_About this task:_
In the data below, the copy begins at the line containing "Vu Chính - nhà" and runs through the last line; repeat those lines exactly, minus the pictures.

_Collected data:_
_ _ _ _ _
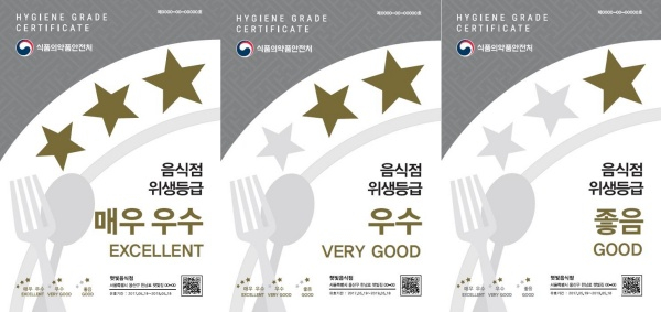 지난 2017년부터 시행된 ‘음식점 위생등급제’ 는 음식점 조리장 및 객석·객실 청결실태, 식자재 관리, 종업원 위생관리수준 등 92개 항목에 대해 한국식품안전관리인증원의 엄격한 심사와 객관적 평가를 거쳐 평가점수가 90점 이상 이면‘매우우수(별 3개)’, 85~90점은‘우수(별 2개)’, 80~85점은‘좋음(별 1개)’의 3단계로 등급을 지정·공개하는 제도이다.
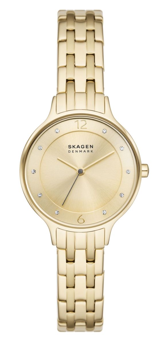Skagen Anita Lille yellow gold SKW3127 är en elegant damklocka med en 30 mm bred och 5 mm tjock boett i rostfritt stål. Armbandet på den här klockan är ett guldfärgat stållänk med en bredd på 12 mm vid fästpunkten. Den guldfärgade sunray urtavlan på Skagen Anita Lille yellow gold SKW3127 skyddas av mineralglas. Klockans index är dekorerade med juveler. Klockan är vattenskyddad till 50m / 5atm, dvs. den har begränsad vattentålighet (rekommenderas inte för simning). Skagen klockor, inspirerad av minimalistiska dansk design, levereras i tillverkarens originalförpackning, och har två års garanti.
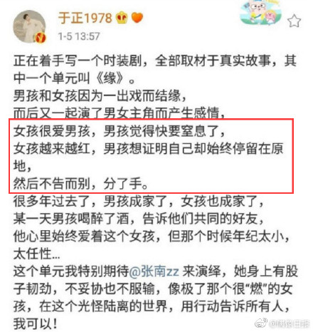Vu Chính - nhà biên tập vàng của làng phim ảnh Hoa ngữ không chỉ giúp cho khán giả “nhiều chuyện” mà còn lợi dụng những chuyện này để cư dân mạng thảo luận và đẩy tác phẩm phim ảnh của mình trở nên nổi tiếng. Gần đây (05/01), Vu Chính đã đăng tải một bài viết trên Weibo, nói rằng sắp đến sẽ quay phim tình yêu được chuyển thể từ người thật việc thật. Tuy nhiên sau đó không lâu, Vu Chính đã xóa bài viết. Chính vì hành động này mà dân mạng càng tò mò hơn.
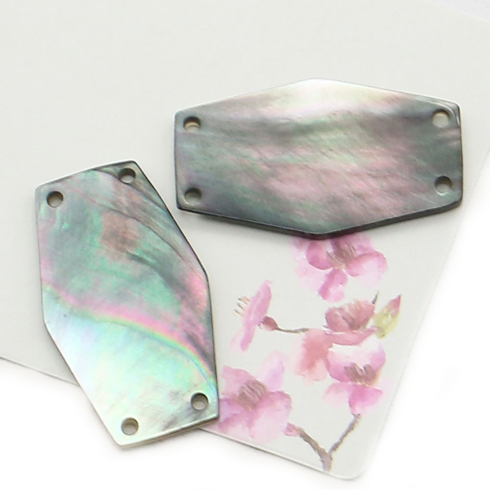 Connettore di shell, Nero-Lip-Shell, Esagono, naturale & DIY & anello del connettore 2/2, 19x33mm, Venduto da PC
_ _ _ _ _
_Written reply:_
Vu Chính - nhà biên tập vàng của làng phim ảnh Hoa ngữ không chỉ giúp cho khán giả “nhiều chuyện” mà còn lợi dụng những chuyện này để cư dân mạng thảo luận và đẩy tác phẩm phim ảnh của mình trở nên nổi tiếng. Gần đây (05/01), Vu Chính đã đăng tải một bài viết trên Weibo, nói rằng sắp đến sẽ quay phim tình yêu được chuyển thể từ người thật việc thật. Tuy nhiên sau đó không lâu, Vu Chính đã xóa bài viết. Chính vì hành động này mà dân mạng càng tò mò hơn.
 Connettore di shell, Nero-Lip-Shell, Esagono, naturale & DIY & anello del connettore 2/2, 19x33mm, Venduto da PC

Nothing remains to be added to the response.